Elsevier

Computer Networks

Volume 42, Issue 5, 5 August 2003, Pages 579-598
Computer Networks

CREAM: CREAting Metadata for the Semantic Web

https://doi.org/10.1016/S1389-1286(03)00226-3Get rights and content

Abstract

Richly interlinked, machine-understandable data constitute the basis for the Semantic Web. We provide a framework, CREAM, that allows for creation of metadata. While the annotation mode of CREAM allows creation of metadata for existing Web pages, the authoring mode lets authors create metadata––almost for free––while putting together the content of a page.

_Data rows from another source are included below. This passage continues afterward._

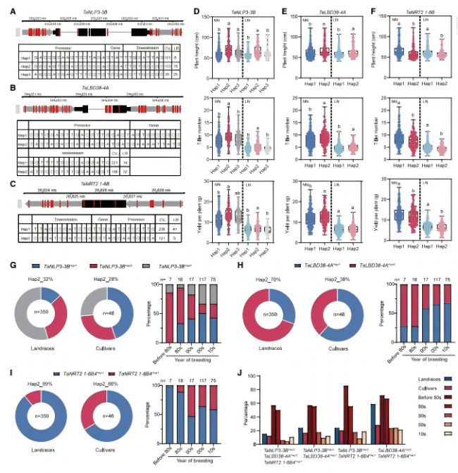 為評(píng)估TaNLP3-TaLBD38-TaNRT2.1調(diào)控模塊的育種潛力,團(tuán)隊(duì)對(duì)405份小麥種質(zhì)資源(359個(gè)栽培種、46個(gè)地方品種)進(jìn)行單倍型分析,鑒定出3個(gè)關(guān)鍵基因的優(yōu)異單倍型:TaNLP3-3BHap2、TaLBD38-4AHap2 和 TaNRT2.1-6B4Hap1。這些優(yōu)異單倍型在現(xiàn)代栽培種中的頻率呈下降趨勢(shì)(部分從70%降至30%),這為通過分子標(biāo)記輔助育種、回補(bǔ)優(yōu)異單倍型提供了重要靶點(diǎn)——將這些單倍型聚合到同一品種中,有望培育出“低氮高產(chǎn)、高氮高效”的小麥新品種。
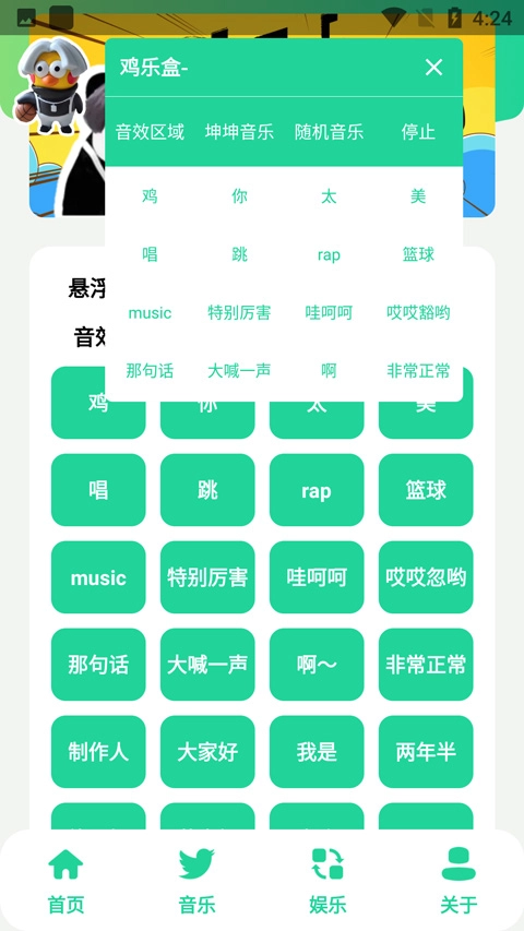 各类与坤坤相关的音乐、头像以及表情包,只需点击即可使用。
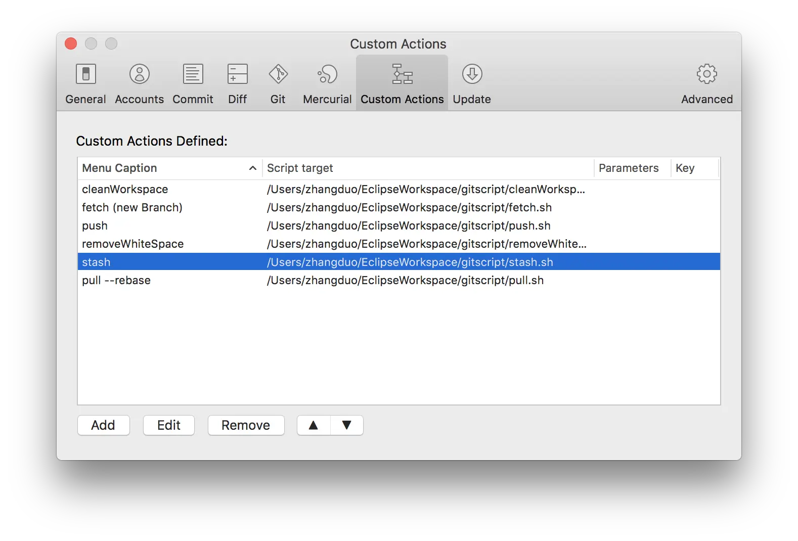 sourceTree 是一款优秀的 git 管理客户端,不仅已经包含了很多常用操作,而且可以还添加 shell 脚本来订制自定义动作,大大节省了时间。
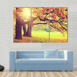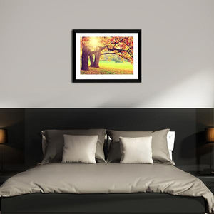 This canvas art captures a serene autumn landscape, featuring trees and a park covered in warm shades of yellow, orange, and brown. It brings a vibrant touch of nature indoors, making it a lovely addition to your home decor.
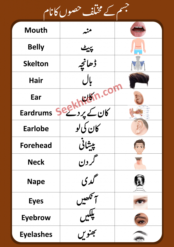 Here in this blog, you are going to learn 49 Parts Of Body Names In Urdu And English. Learn 49 parts of body names in Urdu And English. The human body is made up of different organs. If not a single organ the human body becomes incomplete. Today in this blog I am going to give all the human body parts with English And Urdu Translation. This lesson will cover all human body parts with pictures. In our daily life often need to talk about our body, its parts, and organs.
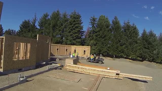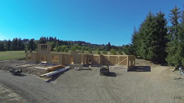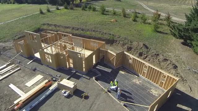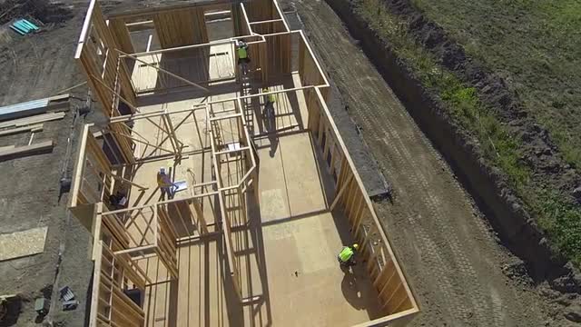Aerial shot of builders working on steel frame building with following vertical flight and construction site view. Moscow, Russia

As a feature of our framework, CREAM allows creating relational metadata, i.e., metadata that instantiate interrelated definitions of classes in a domain ontology rather than a comparatively rigid template-like schema such as Dublin Core. We discuss some of the requirements one has to meet when developing such an ontology-based framework, e.g., the integration of a metadata crawler, inference services, document management and a meta-ontology, and describe its implementation, viz. OntoMat, a component-based, ontology-driven Web-page authoring and annotation tool.

Introduction

The Semantic Web builds on metadata describing the contents of Web pages. In particular, the Semantic Web requires relational metadata, i.e., metadata that describe how resource descriptions instantiate class definitions and how they are semantically interlinked by properties. We have carried through several case studies that build on this idea of the Semantic Web in order to provide intelligent applications to make knowledge about researchers, about companies and markets, and about research papers accessible by semantic means. An important cornerstone of the case studies––and many other scenarios in the Semantic Web––is a framework and a mechanism that let users easily and comprehensively contribute relational metadata that the Semantic Web builds upon. For this objective, we have developed our semantic annotation framework, CREAM––CREAting Metadata for the Semantic Web––that we present here.1 CREAM is geared to allow for the easy and comfortable creation of semantic metadata.

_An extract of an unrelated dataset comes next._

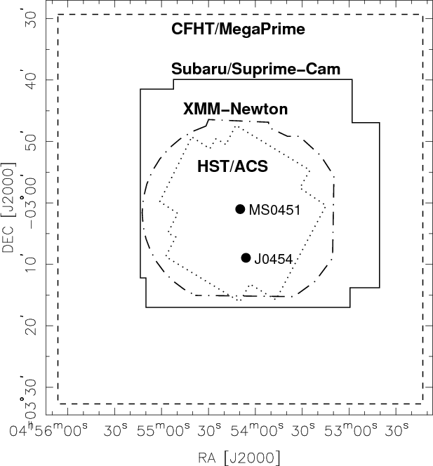- This work is based on data collected at the Subaru Telescope, which is operated by the National Astronomical Observatory of Japan; based on observations obtained with MegaPrime/MegaCam, a joint project of CFHT and CEA/DAPNIA, at the Canada-France-Hawaii Telescope (CFHT) which is operated by the National Research Council (NRC) of Canada, the Institut National des Sciences de l'Univers of the Centre National de la Recherche Scientifique (CNRS) of France, and the University of Hawaii; based on observations made with ESO Telescopes at the La Silla and Paranal Observatories, Chile (ESO DDT Programme 282.A-5066); based on observations made with the NASA/ESA Hubble Space Telescope (programme #9836) obtained at the Space Telescope Science Institute, which is operated by the Association of Universities for Research in Astronomy, Inc., under NASA contract NAS 5-26555; based on observations obtained with XMM-Newton, an ESA science mission with instruments and contributions directly funded by ESA Member States and NASA; based on data obtained at the W.M. Keck Observatory, which is operated as a scientific partnership among the California Institute of Technology, the University of California and the National Aeronautics and Space Administration. The Observatory was made possible by the generous financial support of the W.M. Keck Foundation.
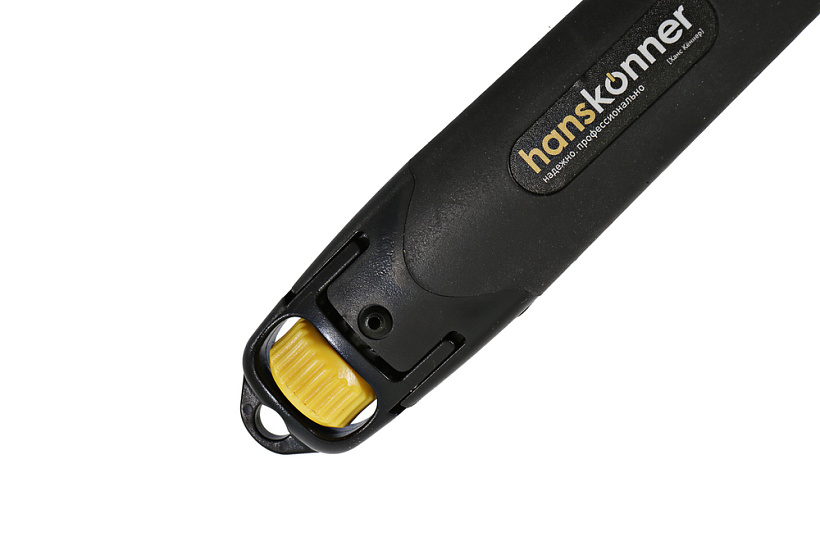 Строительный нож Hanskonner SolidFixation (усиленная фиксация лезвия) подходит для работ с высокими нагрузками, требующих повышенной точности и интенсивности. Благодаря корпусу из чистого высококачественного пластика и сверхпрочной металлической направляющей достигается улучшенная устойчивость конструкции при давлении на инструмент. Обрезиненная поверхность с упором под большой палец обеспечивает полный контроль ножа. Лезвие из высококачественной стали SK2 с трёхгранной заточкой и дополнительной обработкой лазером служит в 5 раз дольше стандартного. Уникальный запатентованный фиксирующий винт плотно прижимает режущий элемент к направляющей, что позволяет полностью передать усилие на рабочую кромку.

CREAM allows for the a posteriori annotation of existing resources. A posteriori creation of metadata involves the consideration of an item (e.g., a document) by an agent (possibly, but not necessarily, a human agent) and its description with metadata. For this purpose we distinguish two modes of interaction: (i) the process may include the identification of elements already existing within the item. For instance, one may consider an HTML page and identify its author by a footer appearing within the page; (ii) one may classify the item as belonging to a category like Business though neither the term itself nor a synonym or hyponym appears in the item.

A posteriori creation of metadata comes with a major drawback. In order to provide metadata about the contents of a Web page, the author must first create the content and second annotate the content in the additional, a-posteriori, annotation step. To avoid the work overhead, we propose a third mode of interaction, (iii) an author has the possibility to easily combine authoring of a Web page and the creation of relational metadata describing its content.

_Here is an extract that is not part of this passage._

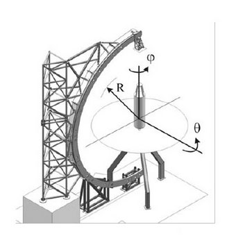 球面扫描法的原理:在ψ和θ坐标系下采集数据。待测天线安装定位于ψ轴转台上,这个转台又安装于另一个θ轴转台之上。

Scrutinizing the differences between the modes of interaction (i), (ii), and (iii), we found that the major problems one must deal with for an annotation framework are identical. In fact, we found it preferable to hide the border between annotation (i.e., (i) and (ii)) and authoring (i.e., (iii)) as far as possible within CREAM. Some questions, however, were triggered by the need to distinguish the ontology that defines the structure of the relational metadata from its use for annotation or authoring. For this purpose, we introduce here a meta-ontology that describes how the annotation and authoring modes of OntoMat interfere with classes and properties of the ontology proper. We modularize the ontology parts needed in the metadata creation process from the ones relevant for the targeted content description.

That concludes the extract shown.